Edna Margaret Walling (1895 – 8 August 1973) was one of Australia's most influential landscape designers.

Walling was born in Yorkshire and grew up in the village of Bickleigh in Devon, England. When she was fourteen years old she emigrated to New Zealand and three years later moved with her family to Melbourne, Victoria, Australia.

Walling studied horticulture at Burnley College and after some years as a jobbing gardener she commenced her own landscape design practice in the 1920s, and "went on to design some significant Arts and Crafts gardens".

In the 1920s, Walling began to develop a village at Mooroolbark on the outskirts of Melbourne called Bickleigh Vale. With its unique collection of charming houses and gardens Bickleigh Vale is one of her most acclaimed achievements.

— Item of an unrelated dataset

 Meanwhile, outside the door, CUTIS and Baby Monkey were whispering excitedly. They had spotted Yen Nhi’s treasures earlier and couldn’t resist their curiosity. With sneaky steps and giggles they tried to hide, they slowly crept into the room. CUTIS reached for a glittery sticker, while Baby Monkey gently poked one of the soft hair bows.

It was designed to be 'the nucleus of an English village' and she built the first cottage, named after the village of Sonning on the River Thames in England, as her own home. She sold subdivisions of the land only to people who were prepared to accept designs for cottage and garden prepared by her.

In 1935 Ellis Stones built a wall for her. Recognizing his ability—which she called 'a rare thing this gift for placing stones' – she suggested that he work for her. She gave him a free hand to create walls, outcrops, pools and paths in her gardens at some of Melbourne's finest homes which assisted in establishing a local garden tradition. Their best collaboration was seen in a free-form swimming pool and outcrop, built in 1939-40 for Edith Hughes-Jones at Olinda, Victoria

In 1926, Walling began contributing regularly to Australian Home Beautiful. Her design practice grew and she worked across Australia, in Perth, Hobart, Sydney, and Buderim in Queensland. Her Victorian commissions included designing the lily pond for Coombe Cottage, Dame Nellie Melba's residence in Coldstream, in the Yarra Valley Ranges; Durrol for Mrs Stanley Allen at Mount Macedon; Rock Lodge garden for Mrs PF O'Collins in Frankston; Cruden Farm garden for Mrs Keith Murdoch (later Dame Elisabeth), Langwarrin (Gardening Australia website: Cruden Farm). One of her most intact NSW commissions is Markdale, Binda ([1]). Her plans from the 1920s and 1930s show a strong architectural framework with 'low stone walls, wide pergolas and paths – always softened with a mantle of greenery'. She later drew inspiration from the Australian bush, creating a more naturalistic style with boulders, rocky outcrops and indigenous plants. In small suburban gardens, Walling created garden 'rooms' in order to make the garden appear far larger than it actually was.